*Source material*:
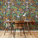 There’s a playful confidence here—diagonal sweeps that push the eye across the wall sets the pace, then everything clicks into place. Stacked arches that feel architectural and starburst hints and radiating accents create a layered composition that rewards a closer look. Depending on your light, the contrast reads soft, and the background feels deep. For a dining room, it’s an instant conversation piece—especially alongside linen drapery and warm neutral rugs. In a entryway, it gives structure without stiffness; chrome accents for a sharper retro edge makes it feel intentional. You end up with a wall that’s graphic, welcoming, and distinctly mid-century in spirit.
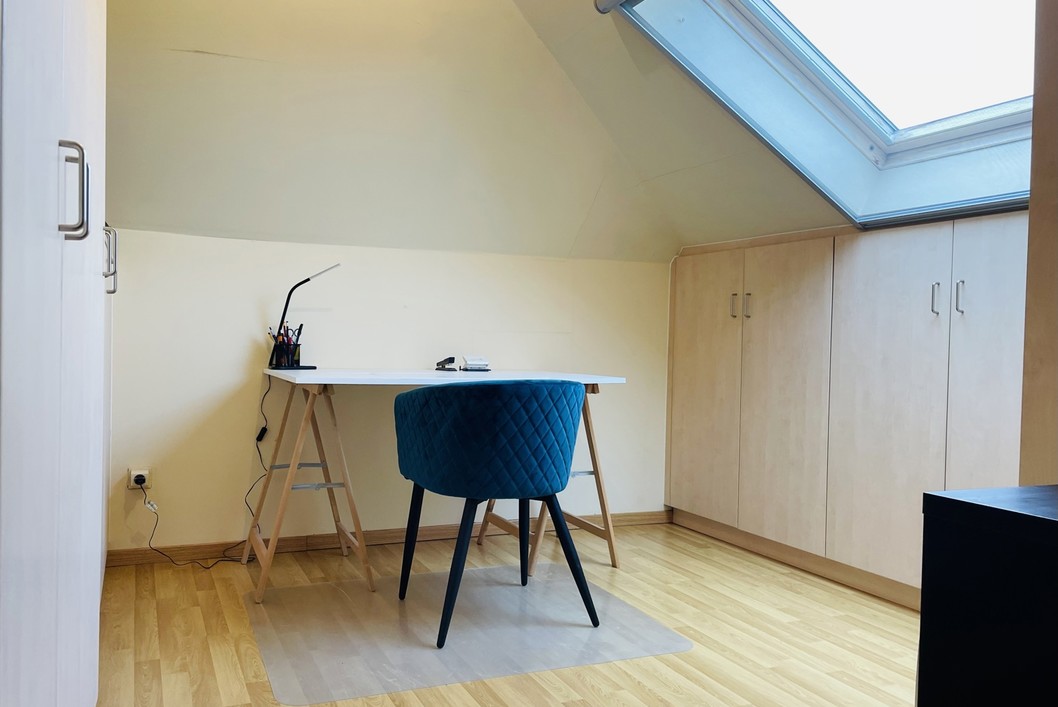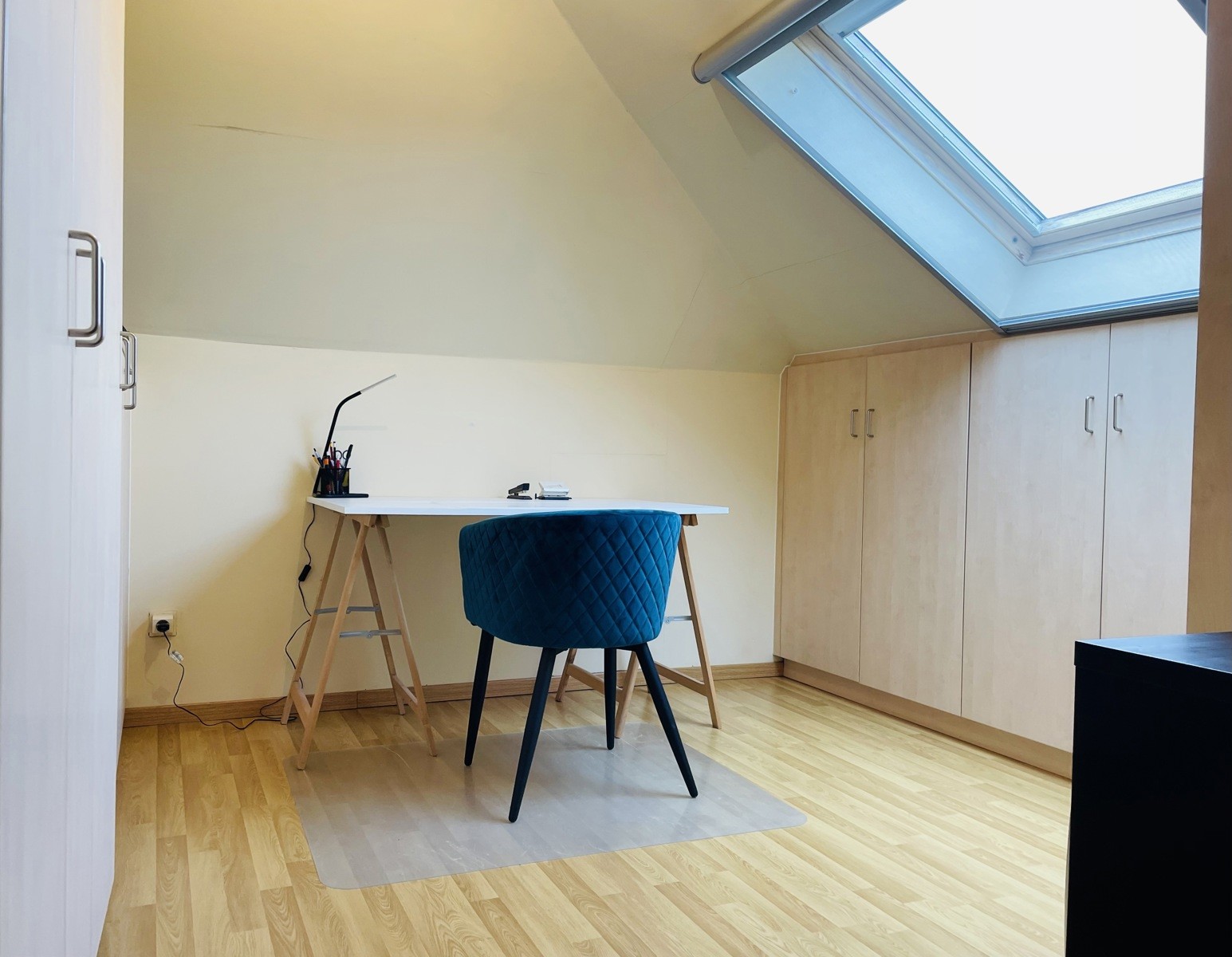 De eerste verdieping biedt twee ruime slaapkamers met ingemaakte kastenwand en een derde kamer die dienst kan doen als bureau of kinderkamer. Daarnaast is er een zolderberging aanwezig die perfect kan worden benut als extra opslagruimte.
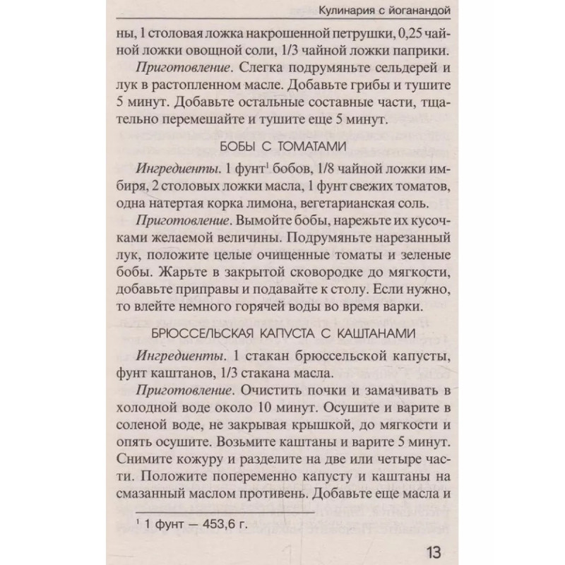 Кулинария с Йоганандой. Шри Йогананда. Готовьте пищу, сводя к минимуму количество ее составных частей, употребляемых за одной трапезой. Чем меньше видов продуктов вы употребляете за одной едой, тем лучше. Даже если вы едите фрукты, то лучше их ни с чем не смешивать. В действительности же частые приемы пищи, состоящие только из одного вида фруктов, являются очень удачной идеей. 3-е издание.
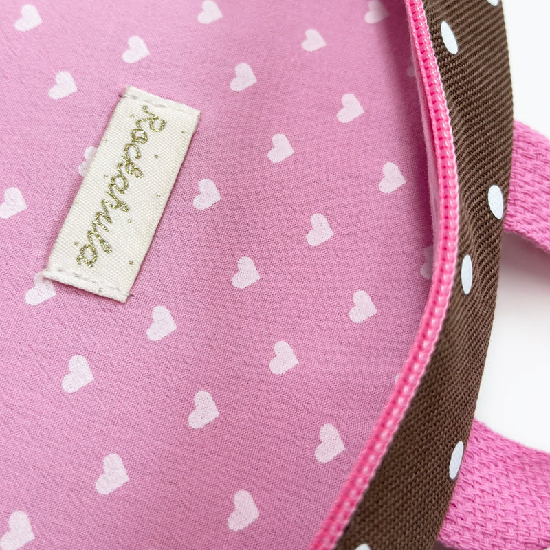 Get out and about in colourful style with our fun rainbow rucksack! In a gorgeous brown spotted fabric, with a bright rainbow, this rucksack is fully lined in our sweet heart print and features a carry handle, a front pocket, bottle netting and adjustable straps.
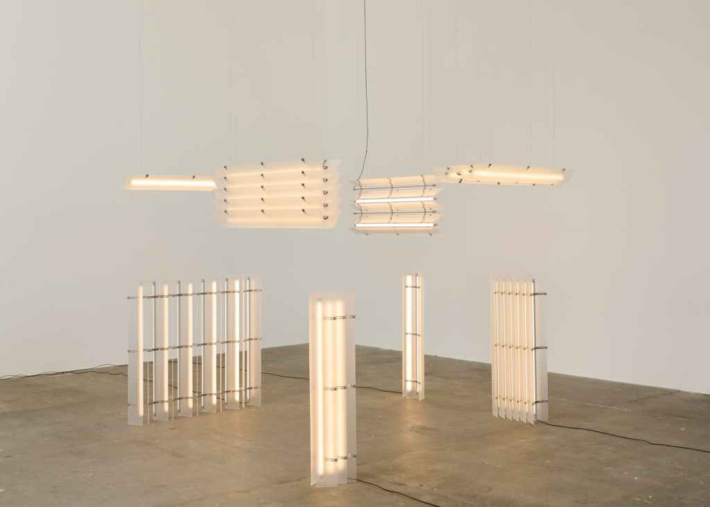 A modular lighting and furniture series built from steel brackets and frosted acrylic plates, Strata grows in multiple orientations. Its intuitive modularity echoes natural systems of replication and branching.
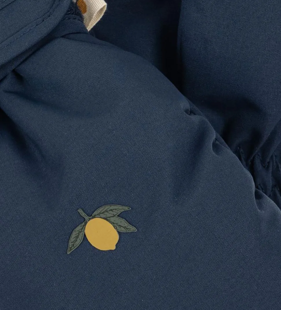 Smarte Konges Sløjd luffer i mørkeblå med en lille citron broderet på toppen. Konges Sløjd lufferne er godt vatteret og har en elastikkant ved åbningerne der holder kulde og vind ude, samt en velcrorem ved håndleddene så de kan strammes godt ind.
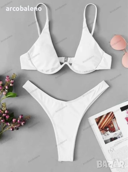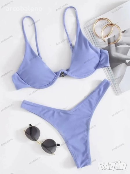 Секси бикини едноцветен бански костюм с банели, 13цвята
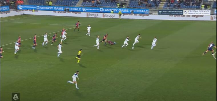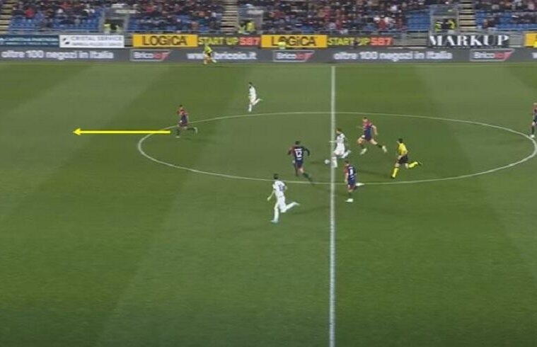 Due aspetti che si uniscono anche nell’occasione di Immobile sventata da Cragno. In primis Deiola sceglie di controllare un pallone al limite dell’area quando la scelta piรน logica sarebbe stata calciare verso Strakosha a costo di spedire la palla in tribuna. Azione che nasce da una rimessa laterale in zona offensiva, una sorta di calcio d’angolo come nel caso del vantaggio laziale. Una volta persa palla, il Cagliari ha subito la folata degli avversari con il solo Lovato a opporsi. In questo caso, perรฒ, il centrale fa ciรฒ che non ha fatto Dalbert nella rete del raddoppio laziale. Scappando all’indietro il centrale rossoblรน permette il recupero di alcuni compagni, favorendo la conclusione di Immobile non a botta sicura, ma con maggiori difficoltร .

*Work request*: Output the entries above exactly. Drop the pictures.

*Result for this exercise*:
 There’s a playful confidence here—diagonal sweeps that push the eye across the wall sets the pace, then everything clicks into place. Stacked arches that feel architectural and starburst hints and radiating accents create a layered composition that rewards a closer look. Depending on your light, the contrast reads soft, and the background feels deep. For a dining room, it’s an instant conversation piece—especially alongside linen drapery and warm neutral rugs. In a entryway, it gives structure without stiffness; chrome accents for a sharper retro edge makes it feel intentional. You end up with a wall that’s graphic, welcoming, and distinctly mid-century in spirit.
 De eerste verdieping biedt twee ruime slaapkamers met ingemaakte kastenwand en een derde kamer die dienst kan doen als bureau of kinderkamer. Daarnaast is er een zolderberging aanwezig die perfect kan worden benut als extra opslagruimte.
 Кулинария с Йоганандой. Шри Йогананда. Готовьте пищу, сводя к минимуму количество ее составных частей, употребляемых за одной трапезой. Чем меньше видов продуктов вы употребляете за одной едой, тем лучше. Даже если вы едите фрукты, то лучше их ни с чем не смешивать. В действительности же частые приемы пищи, состоящие только из одного вида фруктов, являются очень удачной идеей. 3-е издание.
 Get out and about in colourful style with our fun rainbow rucksack! In a gorgeous brown spotted fabric, with a bright rainbow, this rucksack is fully lined in our sweet heart print and features a carry handle, a front pocket, bottle netting and adjustable straps.
 A modular lighting and furniture series built from steel brackets and frosted acrylic plates, Strata grows in multiple orientations. Its intuitive modularity echoes natural systems of replication and branching.
 Smarte Konges Sløjd luffer i mørkeblå med en lille citron broderet på toppen. Konges Sløjd lufferne er godt vatteret og har en elastikkant ved åbningerne der holder kulde og vind ude, samt en velcrorem ved håndleddene så de kan strammes godt ind.
 Секси бикини едноцветен бански костюм с банели, 13цвята
 Due aspetti che si uniscono anche nell’occasione di Immobile sventata da Cragno. In primis Deiola sceglie di controllare un pallone al limite dell’area quando la scelta piรน logica sarebbe stata calciare verso Strakosha a costo di spedire la palla in tribuna. Azione che nasce da una rimessa laterale in zona offensiva, una sorta di calcio d’angolo come nel caso del vantaggio laziale. Una volta persa palla, il Cagliari ha subito la folata degli avversari con il solo Lovato a opporsi. In questo caso, perรฒ, il centrale fa ciรฒ che non ha fatto Dalbert nella rete del raddoppio laziale. Scappando all’indietro il centrale rossoblรน permette il recupero di alcuni compagni, favorendo la conclusione di Immobile non a botta sicura, ma con maggiori difficoltร .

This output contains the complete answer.